**Using Pandas 1.4.2, Python 3.9.12 I have a data frame as follows:
Neighbourhood No-show
0 JARDIM DA PENHA No
1 JARDIM DA PENHA Yes
2 MATA DA PRAIA No
3 PONTAL DE CAMBURI No
4 JARDIM DA PENHA No
5 MARIA ORTIZ Yes
6 MARIA ORTIZ Yes
7 MATA DA PRAIA Yes
8 PONTAL DE CAMBURI No
9 MARIA ORTIZ No
How would I use groupby to get the total(count) of 'Yes' and total(count) of 'No' grouped by each 'Neighbourhood'? I keep getting 'NoNoYesNo' if I use .sum() and if I can get these grouped correctly by Neighbourhood I think I can graph much easier.
This data frame is truncated as there are numerous other columns but these are the only 2 I care about for this exercise.
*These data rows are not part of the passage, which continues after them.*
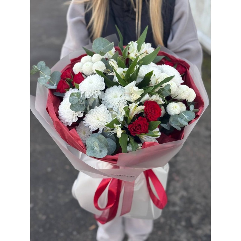Состав: 2 хризантемы, 2 хризантемы ньютон, 3 кустовые розы, 3 альстромерии ,эвкалипт
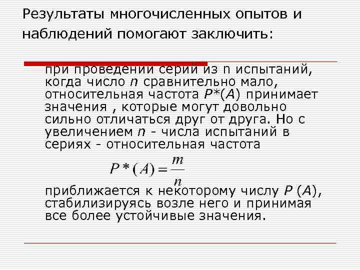 Результаты многочисленных опытов и наблюдений помогают заключить: при проведении серий из n испытаний, когда число n сравнительно мало, относительная частота Р*(А) принимает значения , которые могут довольно сильно отличаться друг от друга. Но с увеличением n - числа испытаний в сериях - относительная частота приближается к некоторому числу Р (А), стабилизируясь возле него и принимая все более устойчивые значения.
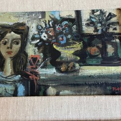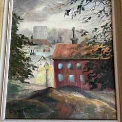 Tre tavlor av Ripa. En tavla föreställer ett hamnlandskap med båtar och kranar. En annan tavla visar ett vinterlandskap med träd och byggnader. Den tredje tavlan avbildar en stadsmiljö med en byggnad som har ett torn och en klocka.
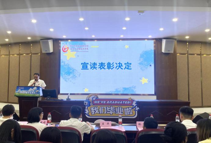 典礼中,对获得“三好学生”“优秀学生干部”“优秀毕业生”“优秀实习生”等荣誉称号的同学进行了表彰,并宣读学院2025届校友联络员名单、颁发聘书。
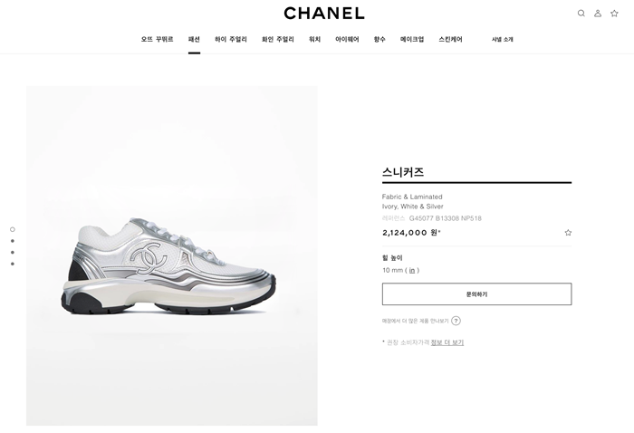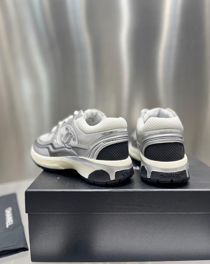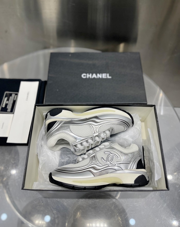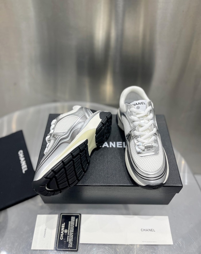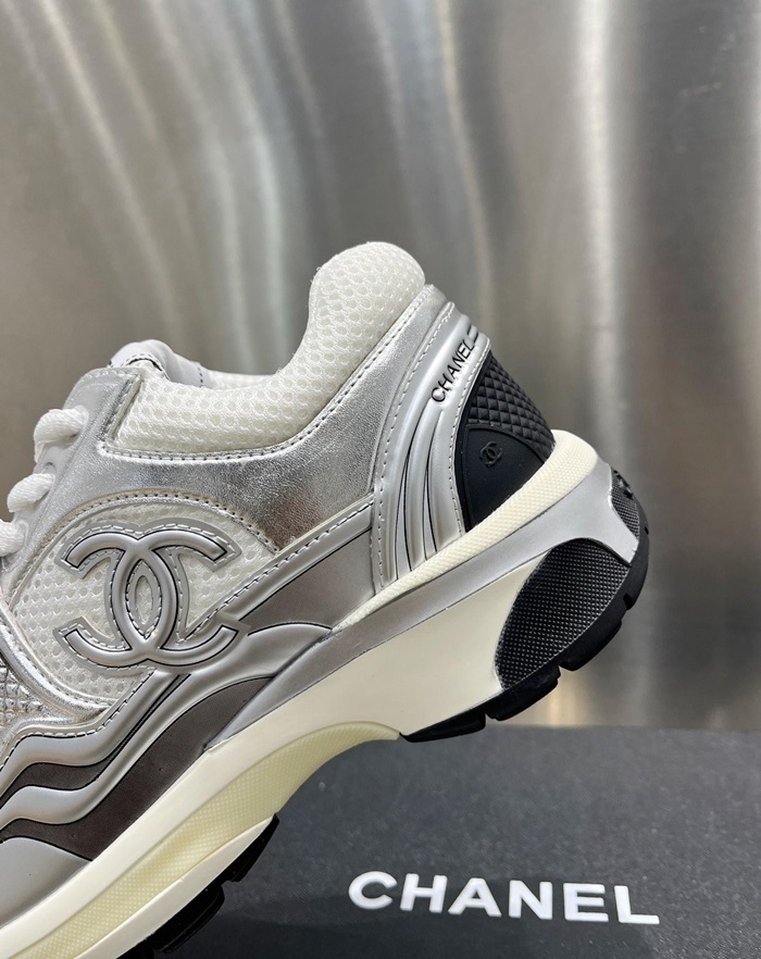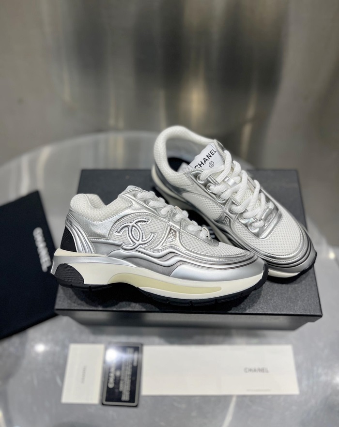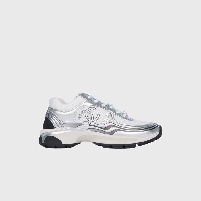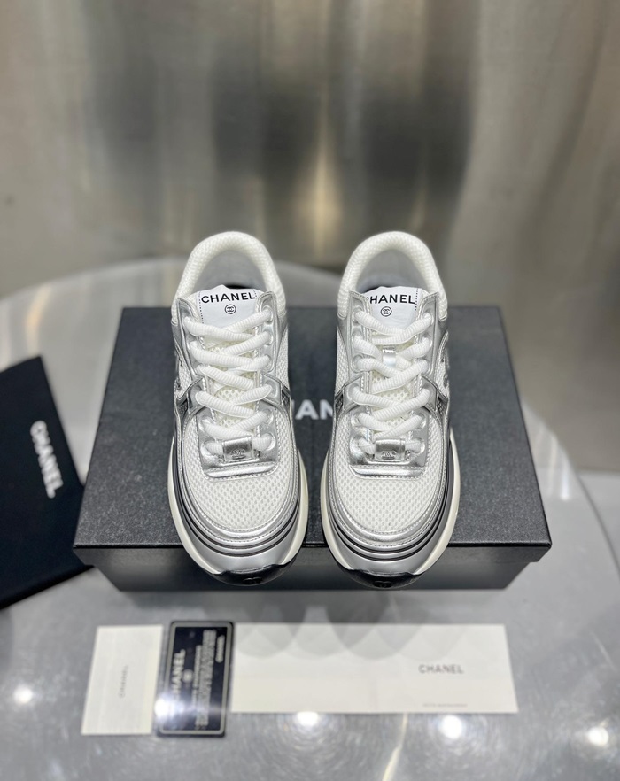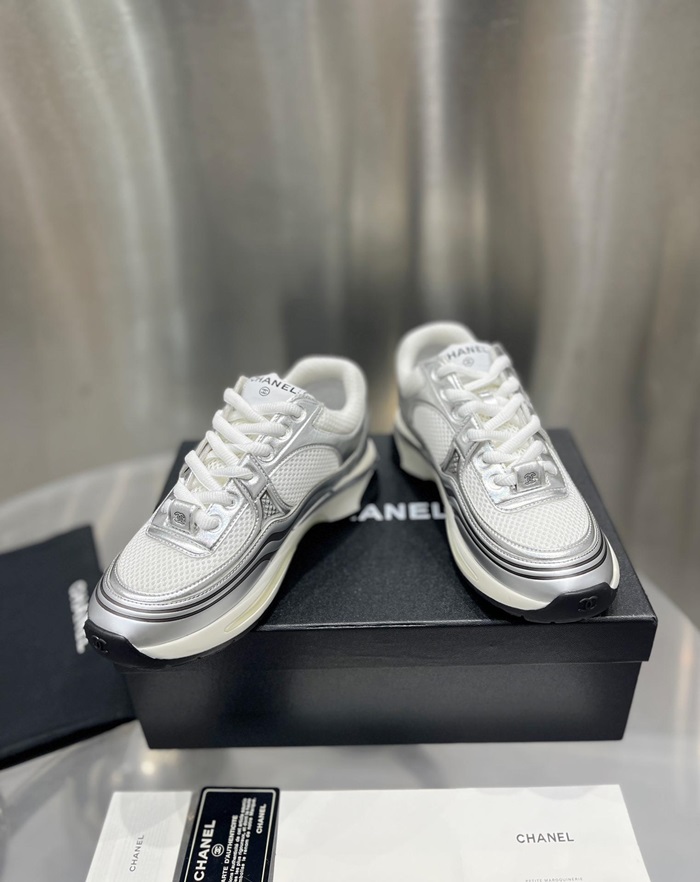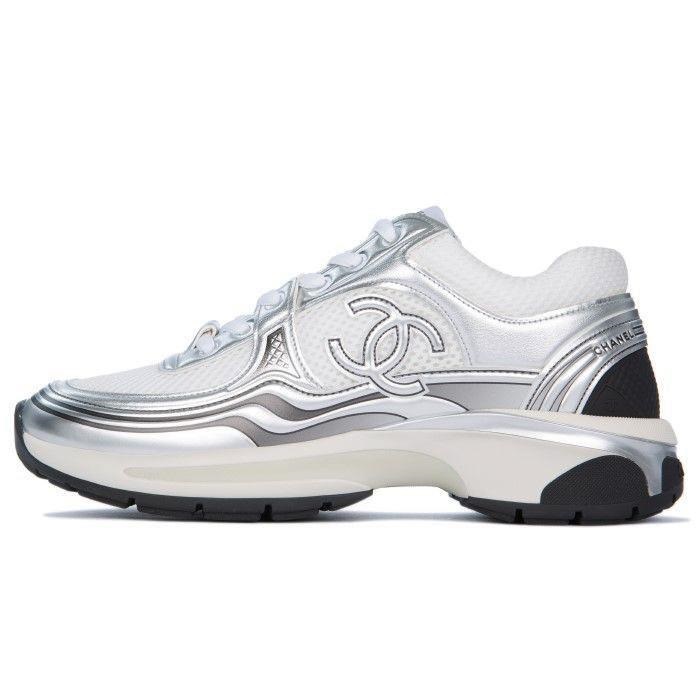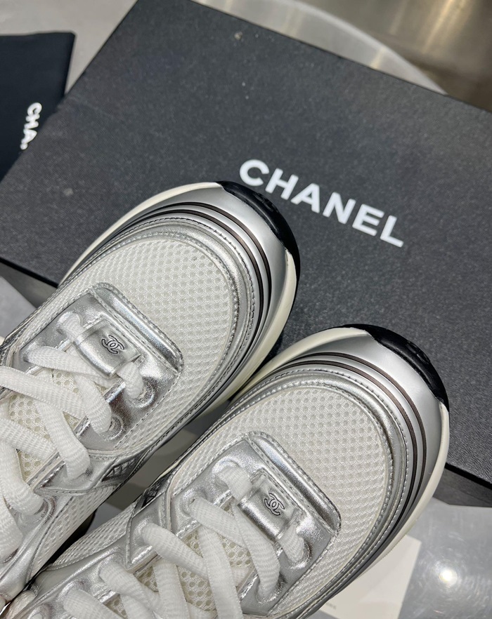 シャネルレディースラミネートホワイト/シルバースニーカーh534

CodePudding user response:
Use df.groupby()
as follows:
totals = df.groupby(['Neighbourhood','No-show'])['No-show'].count()
print(totals)
Neighbourhood No-show
JARDIM DA PENHA No 2
Yes 1
MARIA ORTIZ No 1
Yes 2
MATA DA PRAIA No 1
Yes 1
PONTAL DE CAMBURI No 2
Name: No-show, dtype: int64
Good point raised by @JonClements: you might want to add .unstack(fill_value=0)
to that. So:
totals_unstacked = df.groupby(['Neighbourhood','No-show'])['No-show'].count().unstack(fill_value=0)
print(totals_unstacked)
No-show No Yes
Neighbourhood
JARDIM DA PENHA 2 1
MARIA ORTIZ 1 2
MATA DA PRAIA 1 1
PONTAL DE CAMBURI 2 0
CodePudding user response:
You can use:
df[['Neighbourhood', 'No-show']].value_counts()